Could you transcribe all of the data exactly and skip any pictures?

▸ Given data
══════

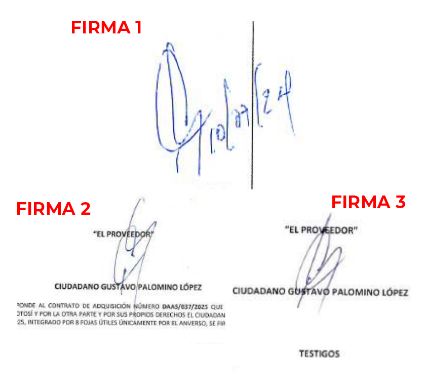 En varios de los contratos celebrados con el Ayuntamiento aparecen como autorizantes el alcalde Enrique Galindo Ceballos, el síndico municipal Víctor Hugo Salgado y el secretario general Fernando Chávez. También resulta llamativo que la presunta firma de Gustavo Palomino López varíe de manera considerable de un contrato a otro. A ello se suma otro dato revelador: en diversos procedimientos de compra por invitación restringida a tres proveedores, compitió con otras personas o empresas que tampoco fueron localizadas en los domicilios que reportaron.
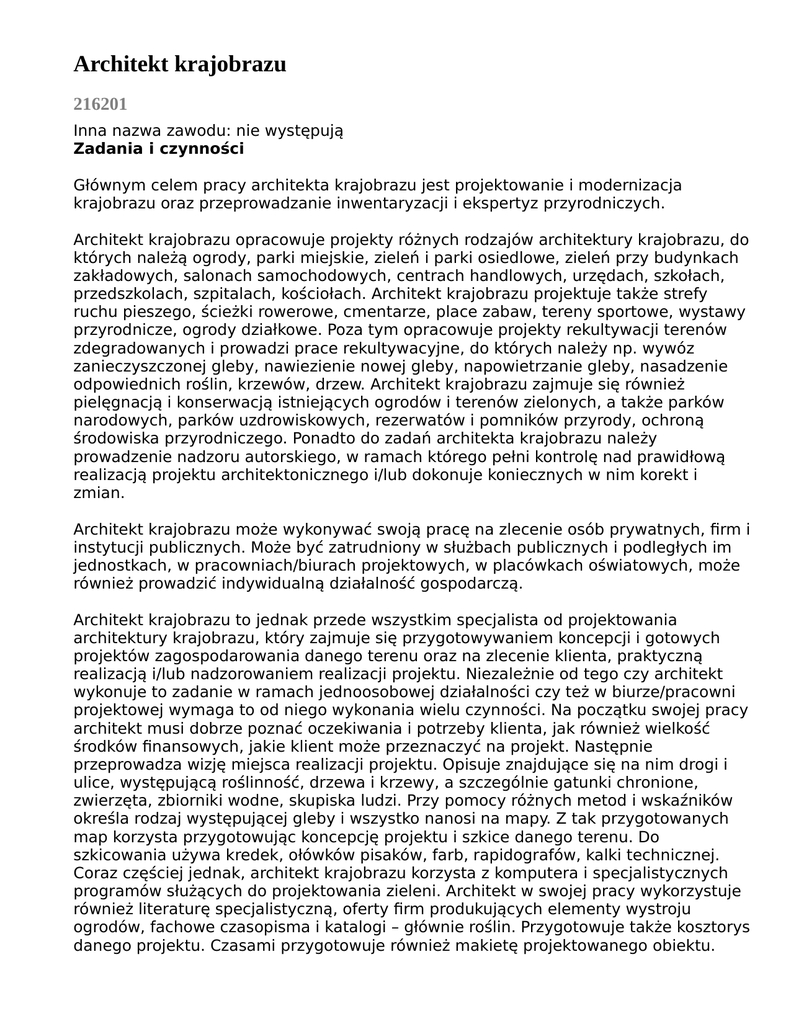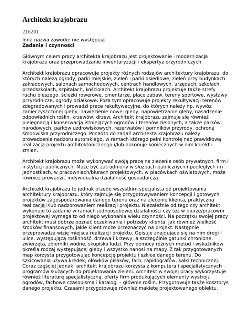 Architekt krajobrazu 216201 Inna nazwa zawodu: nie występują Zadania i czynności Głównym celem pracy architekta krajobrazu jest projektowanie i modernizacja krajobrazu oraz przeprowadzanie inwentaryzacji i ekspertyz przyrodniczych. Architekt krajobrazu opracowuje projekty różnych rodzajów architektury krajobrazu, do których należą ogrody, parki miejskie, zieleń i parki osiedlowe, zieleń przy budynkach zakładowych, salonach samochodowych, centrach handlowych, urzędach, szkołach, przedszkolach, szpitalach, kościołach. Architekt krajobrazu projektuje także strefy ruchu pieszego, ścieżki rowerowe, cmentarze, place zabaw, tereny sportowe, wystawy przyrodnicze, ogrody działkowe. Poza tym opracowuje projekty rekultywacji terenów zdegradowanych i prowadzi prace rekultywacyjne, do których należy np. wywóz zanieczyszczonej gleby, nawiezienie nowej gleby, napowietrzanie gleby, nasadzenie odpowiednich roślin, krzewów, drzew. Architekt krajobrazu zajmuje się również pielęgnacją i konserwacją istniejących ogrodów i terenów zielonych, a także parków narodowych, parków uzdrowiskowych, rezerwatów i pomników przyrody, ochroną środowiska przyrodniczego. Ponadto do zadań architekta krajobrazu należy prowadzenie nadzoru autorskiego, w ramach którego pełni kontrolę nad prawidłową realizacją projektu architektonicznego i/lub dokonuje koniecznych w nim korekt i zmian. Architekt krajobrazu może wykonywać swoją pracę na zlecenie osób prywatnych, firm i instytucji publicznych. Może być zatrudniony w służbach publicznych i podległych im jednostkach, w pracowniach/biurach projektowych, w placówkach oświatowych, może również prowadzić indywidualną działalność gospodarczą. Architekt krajobrazu to jednak przede wszystkim specjalista od projektowania architektury krajobrazu, który zajmuje się przygotowywaniem koncepcji i gotowych projektów zagospodarowania danego terenu oraz na zlecenie klienta, praktyczną realizacją i/lub nadzorowaniem realizacji projektu. Niezależnie od tego czy architekt wykonuje to zadanie w ramach jednoosobowej działalności czy też w biurze/pracowni projektowej wymaga to od niego wykonania wielu czynności. Na początku swojej pracy architekt musi dobrze poznać oczekiwania i potrzeby klienta, jak również wielkość środków finansowych, jakie klient może przeznaczyć na projekt. Następnie przeprowadza wizję miejsca realizacji projektu. Opisuje znajdujące się na nim drogi i ulice, występującą roślinność, drzewa i krzewy, a szczególnie gatunki chronione, zwierzęta, zbiorniki wodne, skupiska ludzi. Przy pomocy różnych metod i wskaźników określa rodzaj występującej gleby i wszystko nanosi na mapy. Z tak przygotowanych map korzysta przygotowując koncepcję projektu i szkice danego terenu. Do szkicowania używa kredek, ołówków pisaków, farb, rapidografów, kalki technicznej. Coraz częściej jednak, architekt krajobrazu korzysta z komputera i specjalistycznych programów służących do projektowania zieleni. Architekt w swojej pracy wykorzystuje również literaturę specjalistyczną, oferty firm produkujących elementy wystroju ogrodów, fachowe czasopisma i katalogi – głównie roślin. Przygotowuje także kosztorys danego projektu. Czasami przygotowuje również makietę projektowanego obiektu. Architekt krajobrazu zajmuje się także wykonawstwem, czyli praktycznym wykonaniem projektu na podstawie umowy zawartej z klientem. Podczas realizacji projektu bądź pielęgnacji obiektów architektury krajobrazu wykorzystywane są różne narzędzia, np. szpadel, młotek, graca, sekator, przyrządy kontrolno-pomiarowe oraz pojazdy i maszyny, np. do transportu roślin, koparka, glebogryzarka. Jeśli architekt krajobrazu sam zajmuje się wykonawstwem, musi umieć posługiwać się narzędziami, przyrządami i maszynami. Sam dobiera, kupuje i sadzi rośliny, krzewy, drzewa, buduje oczka wodne, fontanny, źródełka, ścieżki ogrodowe, tarasy, zakłada trawniki i systemy oświetlenia ogrodu i nawadniania. Zazwyczaj jednak przy realizacji projektów zatrudnia pracowników, którzy potrafią obsługiwać niezbędne maszyny, wykonują prace fizyczne, wtedy architekt krajobrazu nadzoruje ich pracę. Jeśli wymaga tego projekt, architekt korzysta także z pomocy specjalistów innych dziedzin, np. architektów, urbanistów, geodetów, elektryków. Ponadto architekt krajobrazu może świadczyć jedynie usługi doradcze, jeśli klient sam chce realizować projekt lub świadczyć tylko usługi pielęgnacyjne. Wykonuje wówczas takie prace, jak koszenie, napowietrzanie i podlewanie trawników, odchwaszczanie, nawożenie, cięcia pielęgnacyjne i odmładzające, zwalczanie szkodników, oczyszczanie obiektów wodnych, przesadzanie roślin, zabezpieczanie roślin na zimę. Nieco inne zadania ma architekt krajobrazu zatrudniony w służbach publicznych (urzędy miast). Tu jego praca nie polega na opracowywaniu projektów architektury krajobrazu, ale bardziej związana jest z zarządzaniem terenami zielonymi. Architekt zajmuje się wówczas organizacją konkursów i przetargów na wykonawstwo projektów terenów zieleni, a także nadzorem nad ich wykonawstwem. Architekt krajobrazu może także pracować w przedsiębiorstwach usług komunalnych, przedsiębiorstwach robót ogrodniczych. W tych pierwszych, nadzoruje prace pielęgnacyjne i konserwatorskie terenów zieleni dla miasta, np. cięcia sanitarne i pielęgnacyjne, nasadzenia roślin, krzewów, drzew, wycinkę drzew, koszenie traw. Natomiast w przedsiębiorstwach robót ogrodniczych prowadzi inwentaryzację, czyli spis roślinności na danym terenie, projektuje tereny zieleni (ogrody, klomby, rabaty, trawniki), zakłada i/lub nadzoruje zakładanie i pielęgnację zieleni. Architekt krajobrazu może również zajmować się dydaktyką w placówkach oświatowych. Zajmuję się wówczas przekazywaniem uczniom i studentom wiedzy o projektowaniu ogrodów, historii 
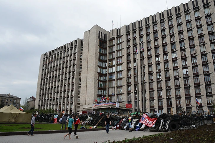 2014 год, Донецк. Футбол на фоне баррикад у здания областной администрации.

══════

▸ Exercise result
 En varios de los contratos celebrados con el Ayuntamiento aparecen como autorizantes el alcalde Enrique Galindo Ceballos, el síndico municipal Víctor Hugo Salgado y el secretario general Fernando Chávez. También resulta llamativo que la presunta firma de Gustavo Palomino López varíe de manera considerable de un contrato a otro. A ello se suma otro dato revelador: en diversos procedimientos de compra por invitación restringida a tres proveedores, compitió con otras personas o empresas que tampoco fueron localizadas en los domicilios que reportaron.
 Architekt krajobrazu 216201 Inna nazwa zawodu: nie występują Zadania i czynności Głównym celem pracy architekta krajobrazu jest projektowanie i modernizacja krajobrazu oraz przeprowadzanie inwentaryzacji i ekspertyz przyrodniczych. Architekt krajobrazu opracowuje projekty różnych rodzajów architektury krajobrazu, do których należą ogrody, parki miejskie, zieleń i parki osiedlowe, zieleń przy budynkach zakładowych, salonach samochodowych, centrach handlowych, urzędach, szkołach, przedszkolach, szpitalach, kościołach. Architekt krajobrazu projektuje także strefy ruchu pieszego, ścieżki rowerowe, cmentarze, place zabaw, tereny sportowe, wystawy przyrodnicze, ogrody działkowe. Poza tym opracowuje projekty rekultywacji terenów zdegradowanych i prowadzi prace rekultywacyjne, do których należy np. wywóz zanieczyszczonej gleby, nawiezienie nowej gleby, napowietrzanie gleby, nasadzenie odpowiednich roślin, krzewów, drzew. Architekt krajobrazu zajmuje się również pielęgnacją i konserwacją istniejących ogrodów i terenów zielonych, a także parków narodowych, parków uzdrowiskowych, rezerwatów i pomników przyrody, ochroną środowiska przyrodniczego. Ponadto do zadań architekta krajobrazu należy prowadzenie nadzoru autorskiego, w ramach którego pełni kontrolę nad prawidłową realizacją projektu architektonicznego i/lub dokonuje koniecznych w nim korekt i zmian. Architekt krajobrazu może wykonywać swoją pracę na zlecenie osób prywatnych, firm i instytucji publicznych. Może być zatrudniony w służbach publicznych i podległych im jednostkach, w pracowniach/biurach projektowych, w placówkach oświatowych, może również prowadzić indywidualną działalność gospodarczą. Architekt krajobrazu to jednak przede wszystkim specjalista od projektowania architektury krajobrazu, który zajmuje się przygotowywaniem koncepcji i gotowych projektów zagospodarowania danego terenu oraz na zlecenie klienta, praktyczną realizacją i/lub nadzorowaniem realizacji projektu. Niezależnie od tego czy architekt wykonuje to zadanie w ramach jednoosobowej działalności czy też w biurze/pracowni projektowej wymaga to od niego wykonania wielu czynności. Na początku swojej pracy architekt musi dobrze poznać oczekiwania i potrzeby klienta, jak również wielkość środków finansowych, jakie klient może przeznaczyć na projekt. Następnie przeprowadza wizję miejsca realizacji projektu. Opisuje znajdujące się na nim drogi i ulice, występującą roślinność, drzewa i krzewy, a szczególnie gatunki chronione, zwierzęta, zbiorniki wodne, skupiska ludzi. Przy pomocy różnych metod i wskaźników określa rodzaj występującej gleby i wszystko nanosi na mapy. Z tak przygotowanych map korzysta przygotowując koncepcję projektu i szkice danego terenu. Do szkicowania używa kredek, ołówków pisaków, farb, rapidografów, kalki technicznej. Coraz częściej jednak, architekt krajobrazu korzysta z komputera i specjalistycznych programów służących do projektowania zieleni. Architekt w swojej pracy wykorzystuje również literaturę specjalistyczną, oferty firm produkujących elementy wystroju ogrodów, fachowe czasopisma i katalogi – głównie roślin. Przygotowuje także kosztorys danego projektu. Czasami przygotowuje również makietę projektowanego obiektu. Architekt krajobrazu zajmuje się także wykonawstwem, czyli praktycznym wykonaniem projektu na podstawie umowy zawartej z klientem. Podczas realizacji projektu bądź pielęgnacji obiektów architektury krajobrazu wykorzystywane są różne narzędzia, np. szpadel, młotek, graca, sekator, przyrządy kontrolno-pomiarowe oraz pojazdy i maszyny, np. do transportu roślin, koparka, glebogryzarka. Jeśli architekt krajobrazu sam zajmuje się wykonawstwem, musi umieć posługiwać się narzędziami, przyrządami i maszynami. Sam dobiera, kupuje i sadzi rośliny, krzewy, drzewa, buduje oczka wodne, fontanny, źródełka, ścieżki ogrodowe, tarasy, zakłada trawniki i systemy oświetlenia ogrodu i nawadniania. Zazwyczaj jednak przy realizacji projektów zatrudnia pracowników, którzy potrafią obsługiwać niezbędne maszyny, wykonują prace fizyczne, wtedy architekt krajobrazu nadzoruje ich pracę. Jeśli wymaga tego projekt, architekt korzysta także z pomocy specjalistów innych dziedzin, np. architektów, urbanistów, geodetów, elektryków. Ponadto architekt krajobrazu może świadczyć jedynie usługi doradcze, jeśli klient sam chce realizować projekt lub świadczyć tylko usługi pielęgnacyjne. Wykonuje wówczas takie prace, jak koszenie, napowietrzanie i podlewanie trawników, odchwaszczanie, nawożenie, cięcia pielęgnacyjne i odmładzające, zwalczanie szkodników, oczyszczanie obiektów wodnych, przesadzanie roślin, zabezpieczanie roślin na zimę. Nieco inne zadania ma architekt krajobrazu zatrudniony w służbach publicznych (urzędy miast). Tu jego praca nie polega na opracowywaniu projektów architektury krajobrazu, ale bardziej związana jest z zarządzaniem terenami zielonymi. Architekt zajmuje się wówczas organizacją konkursów i przetargów na wykonawstwo projektów terenów zieleni, a także nadzorem nad ich wykonawstwem. Architekt krajobrazu może także pracować w przedsiębiorstwach usług komunalnych, przedsiębiorstwach robót ogrodniczych. W tych pierwszych, nadzoruje prace pielęgnacyjne i konserwatorskie terenów zieleni dla miasta, np. cięcia sanitarne i pielęgnacyjne, nasadzenia roślin, krzewów, drzew, wycinkę drzew, koszenie traw. Natomiast w przedsiębiorstwach robót ogrodniczych prowadzi inwentaryzację, czyli spis roślinności na danym terenie, projektuje tereny zieleni (ogrody, klomby, rabaty, trawniki), zakłada i/lub nadzoruje zakładanie i pielęgnację zieleni. Architekt krajobrazu może również zajmować się dydaktyką w placówkach oświatowych. Zajmuję się wówczas przekazywaniem uczniom i studentom wiedzy o projektowaniu ogrodów, historii 
 2014 год, Донецк. Футбол на фоне баррикад у здания областной администрации.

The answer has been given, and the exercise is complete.